**RECORDS PROVIDED**
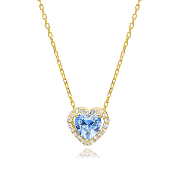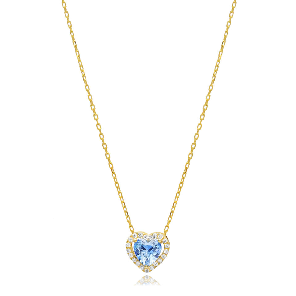 Aquamarine CZ Stone Heart Design Silver Charm Necklace Turkish Handcrafted Wholesale 925 Sterling Silver Jewelry
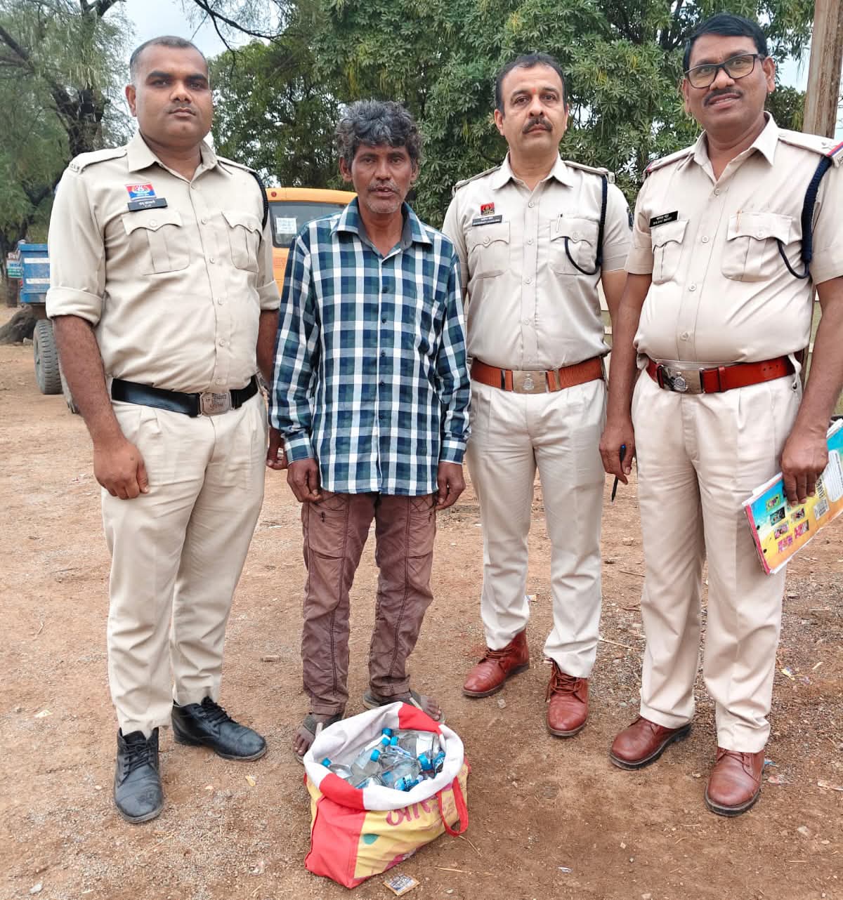 सूचना की तस्दीक हेतु पुलिस टीम द्वारा मौके पर पहुंचकर घेराबंदी कर संदिग्ध व्यक्ति को पकड़ा गया।पूछताछ पर आरोपी ने अपना नाम इमरान खान पिता समशेर अली उम्र 53 वर्ष निवासी रक्से थाना स. लोहारा जिला कबीरधाम (छ.ग.) बताया। आरोपी के कब्जे से एक पीले-लाल रंग के थैले में रखी 36 पौवा देशी मंदिरा प्लेन मदिरा प्रत्येक शीशी 180 एमएल भरी हुई शीलबंद अवस्था में कुल मात्रा 6.480 बल्क लीटर अनुमानित कीमत 2,880 रुपये जप्त की गई।आरोपी द्वारा शराब बिक्री हेतु परिवहन किया जाना पाया गया। शराब के संबंध में वैध दस्तावेज मांगने पर कोई कागजात प्रस्तुत नहीं किए गए। आरोपी का कृत्य धारा 34(2) आबकारी एक्ट के अंतर्गत अपराध पाए जाने से मौके पर विधिवत कार्यवाही करते हुए आरोपी को गिरफ्तार किया गया। गिरफ्तारी की सूचना परिजनों को दी गई।
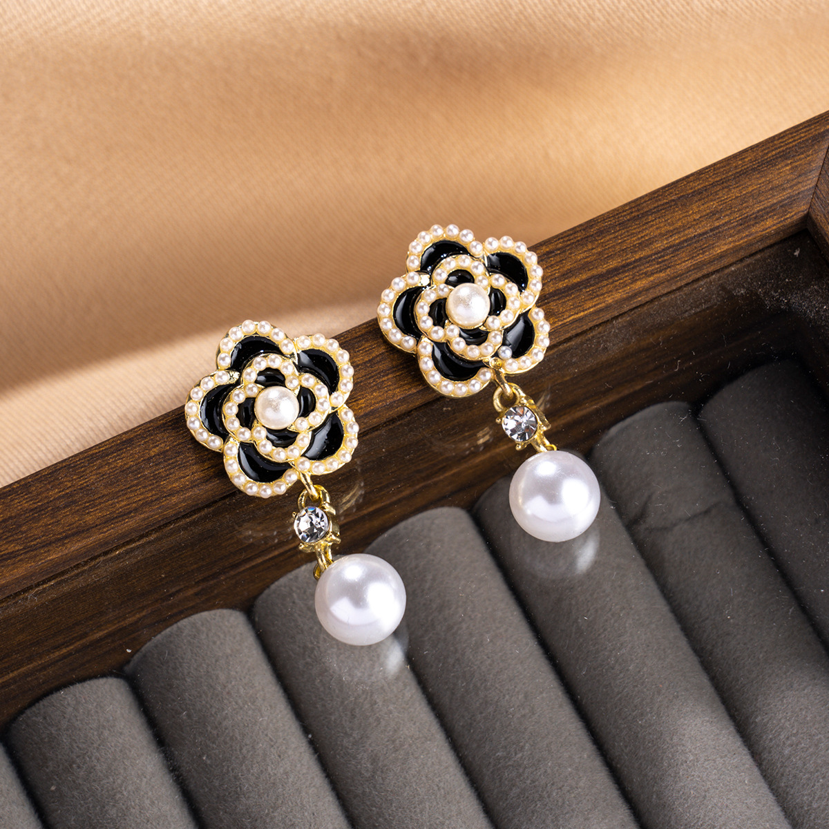 欧米のクロスボーダー熱売レトロなツバキの花のジルコンの滴油の気質の花の真珠のペンダントのイヤリングのファッション的な耳飾り
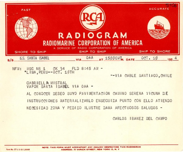 [Telegrama] 1954 oct. 10, Lima, Perú [a] Gabriela Mistral, Vapor Santa Isabel [manuscrito] Carlos Ibáñez del Campo.
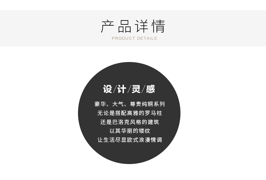 实心精铸把手,造型优雅、线条婉约,结构精密,手感厚实,防磨防腐,坚固耐用,精益求精的做工品质
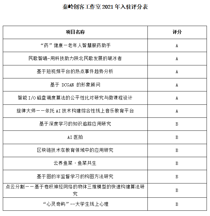 万象城官网于6月23日组织了2021年度秦岭创客工作室入驻项目遴选推荐工作。通过项目组申报答辩、院内专家评审等程序,共遴选出13个项目入驻创客工作室,A类项目6项(入驻文津楼3624),B类项目7项(入驻文津楼4楼创客坊),现将拟推荐项目名单予以公示(详见附表)。推荐项目将于7月5日起入驻秦岭创客工作室,并按照《秦岭创客工作室》入驻指南进行项目培育。
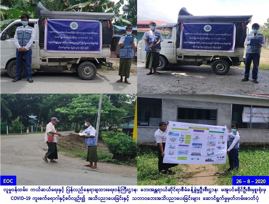 လူမှုဝန်ထမ်း၊ ကယ်ဆယ်ရေးနှင့် ပြန်လည်နေရာချထားရေး ဝန်ကြီးဌာန၊ ဘေးအန္တရာယ်ဆိုင်ရာစီမံခန့်ခွဲမှုဦးစီးဌာန၊ မအူပင်ခရိုင် ဦးစီးမှူးရုံးမှ တာဝန်ရှိသူများသည် (၂၆-၈-၂၀၂၀)ရက်နေ့တွင် မအူပင်မြို့နယ်၊ မလတ်တိုကျေးရွာအုပ်စုရှိ ရှေ့ဘက်ကမ်း ကျေးရွာ၊နောက်ဘက် ကမ်းရွာ၊ လှိုင်းတာကျေးရွာ၊ တပွတ်တနောင်ကျေးရွာနှင့် ဖိုးရာဝဲကျေးရွာတို့၌ COVID-19 ရောဂါကူးစက်ပျံ့နှံ့မှု ဒုတိယလှိုင်း မဖြစ်ပွားစေရန် အများပြည်သူအလွယ်တကူသိရှိလိုက်နာ ဆောင်ရွက်ရန်အချက်များနှင့် မိုးရာသီတွင် ဖြစ်ပွားလေ့ရှိသည့် သဘာဝဘေး အန္တရာယ်များကြိုတင်ပြင်ဆင်ရေး အသိပေးချက်များကို လှည်လည်ဟောပြောခြင်း၊ အသိပညာပေးဗီနိုင်းပိုစတာဖြန့်ဝေခြင်းနှင့် ဘေး (၈)မျိုးလက်ကမ်းစာစောင် ဝေငှခြင်းများ ဆောင်ရွက်ခဲ့ပါကြောင်း သတင်းရရှိပါသည်။
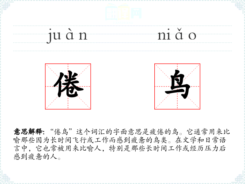 - 同义词:疲惫的鸟、劳累的鸟、疲乏的鸟

**EXERCISE DIRECTIONS**
Where a record above contains a picture, leave the picture out and transcribe everything else exactly.

**SOLUTION TO THE EXERCISE**
 Aquamarine CZ Stone Heart Design Silver Charm Necklace Turkish Handcrafted Wholesale 925 Sterling Silver Jewelry
 सूचना की तस्दीक हेतु पुलिस टीम द्वारा मौके पर पहुंचकर घेराबंदी कर संदिग्ध व्यक्ति को पकड़ा गया।पूछताछ पर आरोपी ने अपना नाम इमरान खान पिता समशेर अली उम्र 53 वर्ष निवासी रक्से थाना स. लोहारा जिला कबीरधाम (छ.ग.) बताया। आरोपी के कब्जे से एक पीले-लाल रंग के थैले में रखी 36 पौवा देशी मंदिरा प्लेन मदिरा प्रत्येक शीशी 180 एमएल भरी हुई शीलबंद अवस्था में कुल मात्रा 6.480 बल्क लीटर अनुमानित कीमत 2,880 रुपये जप्त की गई।आरोपी द्वारा शराब बिक्री हेतु परिवहन किया जाना पाया गया। शराब के संबंध में वैध दस्तावेज मांगने पर कोई कागजात प्रस्तुत नहीं किए गए। आरोपी का कृत्य धारा 34(2) आबकारी एक्ट के अंतर्गत अपराध पाए जाने से मौके पर विधिवत कार्यवाही करते हुए आरोपी को गिरफ्तार किया गया। गिरफ्तारी की सूचना परिजनों को दी गई।
 欧米のクロスボーダー熱売レトロなツバキの花のジルコンの滴油の気質の花の真珠のペンダントのイヤリングのファッション的な耳飾り
 [Telegrama] 1954 oct. 10, Lima, Perú [a] Gabriela Mistral, Vapor Santa Isabel [manuscrito] Carlos Ibáñez del Campo.
 实心精铸把手,造型优雅、线条婉约,结构精密,手感厚实,防磨防腐,坚固耐用,精益求精的做工品质
 万象城官网于6月23日组织了2021年度秦岭创客工作室入驻项目遴选推荐工作。通过项目组申报答辩、院内专家评审等程序,共遴选出13个项目入驻创客工作室,A类项目6项(入驻文津楼3624),B类项目7项(入驻文津楼4楼创客坊),现将拟推荐项目名单予以公示(详见附表)。推荐项目将于7月5日起入驻秦岭创客工作室,并按照《秦岭创客工作室》入驻指南进行项目培育。
 လူမှုဝန်ထမ်း၊ ကယ်ဆယ်ရေးနှင့် ပြန်လည်နေရာချထားရေး ဝန်ကြီးဌာန၊ ဘေးအန္တရာယ်ဆိုင်ရာစီမံခန့်ခွဲမှုဦးစီးဌာန၊ မအူပင်ခရိုင် ဦးစီးမှူးရုံးမှ တာဝန်ရှိသူများသည် (၂၆-၈-၂၀၂၀)ရက်နေ့တွင် မအူပင်မြို့နယ်၊ မလတ်တိုကျေးရွာအုပ်စုရှိ ရှေ့ဘက်ကမ်း ကျေးရွာ၊နောက်ဘက် ကမ်းရွာ၊ လှိုင်းတာကျေးရွာ၊ တပွတ်တနောင်ကျေးရွာနှင့် ဖိုးရာဝဲကျေးရွာတို့၌ COVID-19 ရောဂါကူးစက်ပျံ့နှံ့မှု ဒုတိယလှိုင်း မဖြစ်ပွားစေရန် အများပြည်သူအလွယ်တကူသိရှိလိုက်နာ ဆောင်ရွက်ရန်အချက်များနှင့် မိုးရာသီတွင် ဖြစ်ပွားလေ့ရှိသည့် သဘာဝဘေး အန္တရာယ်များကြိုတင်ပြင်ဆင်ရေး အသိပေးချက်များကို လှည်လည်ဟောပြောခြင်း၊ အသိပညာပေးဗီနိုင်းပိုစတာဖြန့်ဝေခြင်းနှင့် ဘေး (၈)မျိုးလက်ကမ်းစာစောင် ဝေငှခြင်းများ ဆောင်ရွက်ခဲ့ပါကြောင်း သတင်းရရှိပါသည်။
 - 同义词:疲惫的鸟、劳累的鸟、疲乏的鸟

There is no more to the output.